»»

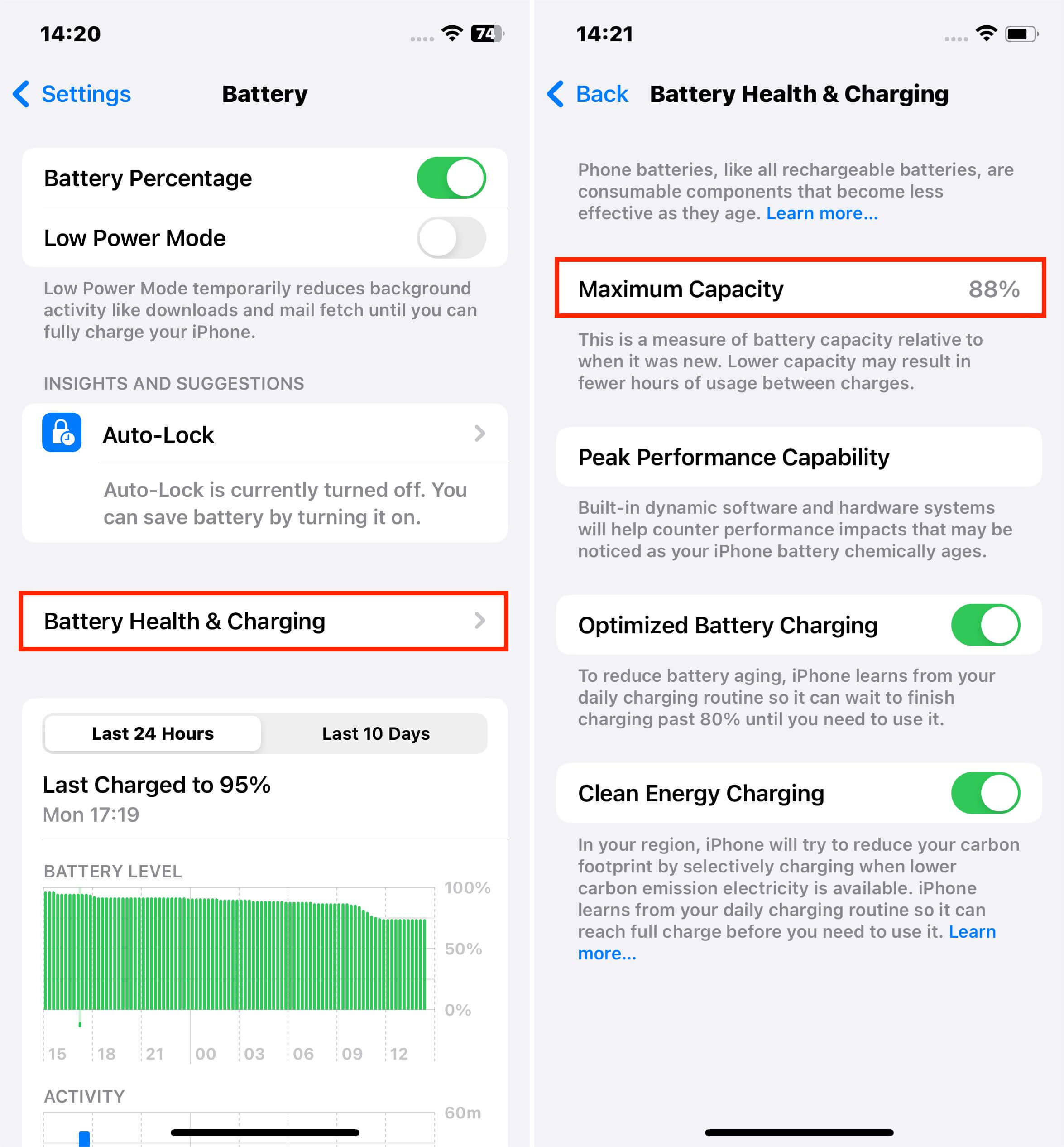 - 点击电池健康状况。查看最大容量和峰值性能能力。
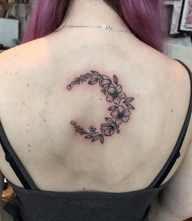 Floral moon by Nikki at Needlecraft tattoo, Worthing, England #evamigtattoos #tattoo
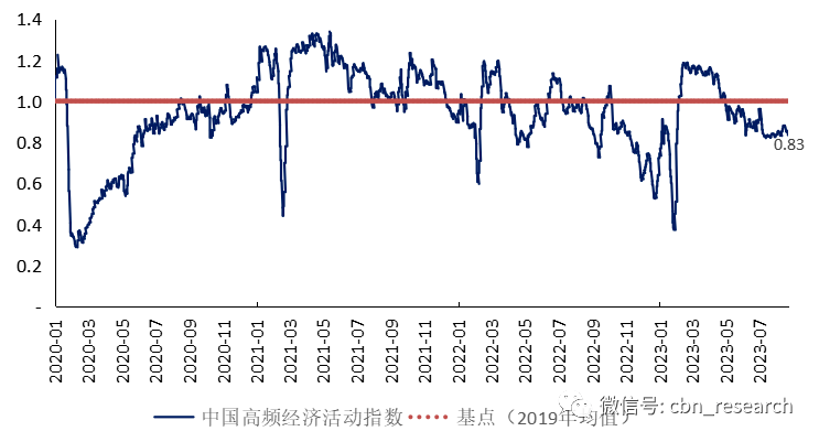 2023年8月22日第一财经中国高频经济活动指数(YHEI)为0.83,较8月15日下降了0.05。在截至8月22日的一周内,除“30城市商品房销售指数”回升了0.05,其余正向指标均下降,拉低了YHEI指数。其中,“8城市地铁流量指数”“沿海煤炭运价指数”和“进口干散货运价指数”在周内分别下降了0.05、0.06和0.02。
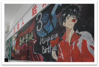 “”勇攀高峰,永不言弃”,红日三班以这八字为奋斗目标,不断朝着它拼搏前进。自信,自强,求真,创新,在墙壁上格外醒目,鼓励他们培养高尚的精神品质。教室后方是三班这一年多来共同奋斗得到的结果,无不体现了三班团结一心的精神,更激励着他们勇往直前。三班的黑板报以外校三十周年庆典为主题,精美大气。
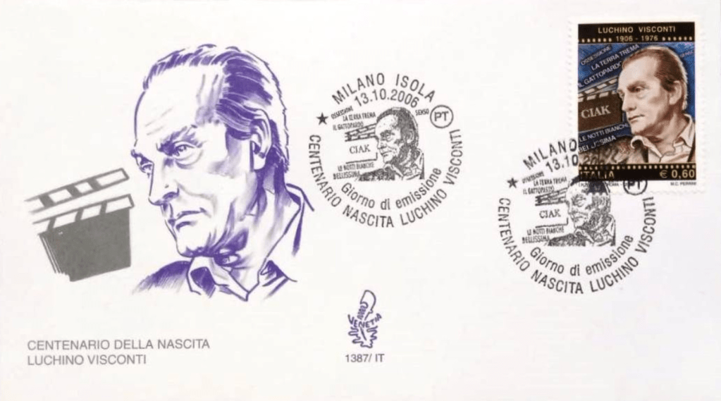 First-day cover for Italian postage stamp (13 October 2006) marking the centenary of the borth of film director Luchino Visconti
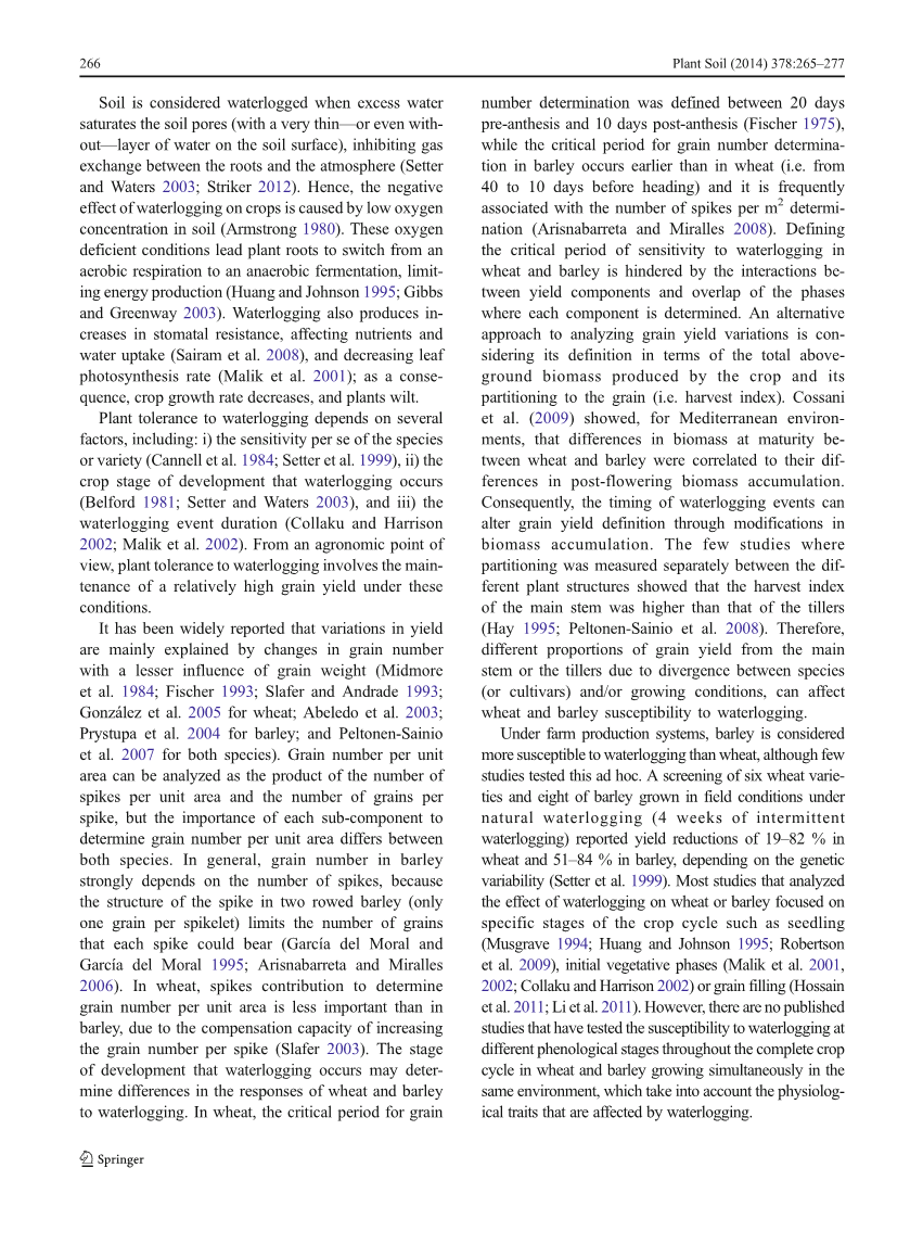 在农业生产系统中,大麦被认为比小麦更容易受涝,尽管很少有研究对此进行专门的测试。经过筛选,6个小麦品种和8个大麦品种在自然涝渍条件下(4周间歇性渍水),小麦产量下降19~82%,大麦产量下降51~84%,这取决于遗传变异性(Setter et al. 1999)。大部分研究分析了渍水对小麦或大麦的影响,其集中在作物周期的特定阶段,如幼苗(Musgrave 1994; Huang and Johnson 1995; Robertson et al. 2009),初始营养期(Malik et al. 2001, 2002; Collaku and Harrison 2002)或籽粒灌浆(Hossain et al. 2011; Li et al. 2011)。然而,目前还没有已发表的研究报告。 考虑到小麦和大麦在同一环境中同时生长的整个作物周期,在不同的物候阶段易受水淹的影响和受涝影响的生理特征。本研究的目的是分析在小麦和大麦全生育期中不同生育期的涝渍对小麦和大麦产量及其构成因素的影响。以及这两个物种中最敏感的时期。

««

Everything in the records except the pictures should be printed again exactly.

• [WRITTEN REPLY]:
 - 点击电池健康状况。查看最大容量和峰值性能能力。
 Floral moon by Nikki at Needlecraft tattoo, Worthing, England #evamigtattoos #tattoo
 2023年8月22日第一财经中国高频经济活动指数(YHEI)为0.83,较8月15日下降了0.05。在截至8月22日的一周内,除“30城市商品房销售指数”回升了0.05,其余正向指标均下降,拉低了YHEI指数。其中,“8城市地铁流量指数”“沿海煤炭运价指数”和“进口干散货运价指数”在周内分别下降了0.05、0.06和0.02。
 “”勇攀高峰,永不言弃”,红日三班以这八字为奋斗目标,不断朝着它拼搏前进。自信,自强,求真,创新,在墙壁上格外醒目,鼓励他们培养高尚的精神品质。教室后方是三班这一年多来共同奋斗得到的结果,无不体现了三班团结一心的精神,更激励着他们勇往直前。三班的黑板报以外校三十周年庆典为主题,精美大气。
 First-day cover for Italian postage stamp (13 October 2006) marking the centenary of the borth of film director Luchino Visconti
 在农业生产系统中,大麦被认为比小麦更容易受涝,尽管很少有研究对此进行专门的测试。经过筛选,6个小麦品种和8个大麦品种在自然涝渍条件下(4周间歇性渍水),小麦产量下降19~82%,大麦产量下降51~84%,这取决于遗传变异性(Setter et al. 1999)。大部分研究分析了渍水对小麦或大麦的影响,其集中在作物周期的特定阶段,如幼苗(Musgrave 1994; Huang and Johnson 1995; Robertson et al. 2009),初始营养期(Malik et al. 2001, 2002; Collaku and Harrison 2002)或籽粒灌浆(Hossain et al. 2011; Li et al. 2011)。然而,目前还没有已发表的研究报告。 考虑到小麦和大麦在同一环境中同时生长的整个作物周期,在不同的物候阶段易受水淹的影响和受涝影响的生理特征。本研究的目的是分析在小麦和大麦全生育期中不同生育期的涝渍对小麦和大麦产量及其构成因素的影响。以及这两个物种中最敏感的时期。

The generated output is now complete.